Prof. Michael Spezio, Associate Professor of Psychology
Scripps College

Panelists & Discussants

Dr. Anna Abram, Heythrop College

Dr. Markus Christen, University of Zurich

Prof. Oliver Davies, King’s College London

Dr. Fern Elsdon Baker, Newman University

The Most Revd. Dr. Antje Jackelén, Lutheran Archbishop of Uppsala in Sweden and Primate of the Church of Sweden

Prof. Darcia Narvaez, University of Notre Dame

Prof. Rayna Rapp, New York University

Prof. Tom Stapleford, University of Notre Dame

Prof.

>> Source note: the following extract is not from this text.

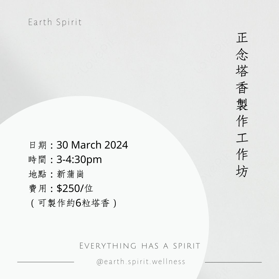 90分鐘的正念手工製香旅程,是給予自己放鬆身心的機會。學習和製作屬於自己的手工塔香,專注研香的時間,暫且放下生活上的煩憂。融入正念元素,協助我們安住在此時此刻,體會與自然的連結,並感受來自大地的滋養。而你所製作的塔香成品,將會協助你培養正念習慣,延續你的喜悅、放鬆和自在。工作坊內容:· 正念放鬆體驗· 學習和製作手工塔香 (可製作約6粒塔香)

Michael Welker, Ruprecht Karl University of Heidelberg

Conference Registration 

The registration fee ($100 faculty / $50 postdoctoral fellows / $25 students) will include all lunches and evening receptions, as well as an opportunity to attend a three-dimensional show of Hildegard of Bingen’s cosmology directed by Professor Margot Fassler at the London Planetarium on August 9. Registration will open in 2018.

Proposal Submissions

To submit a proposal, please send a title, abstract (no more than 250 words), and short c.v. to Christina.M.Leblang.6@nd.edu by February 2, 2018. Decisions about contributed proposals will be communicated to applicants by March 1, 2018.

Call for Proposals – London Conference (PDF, 213k)

Further details of the conference program will be published in due course.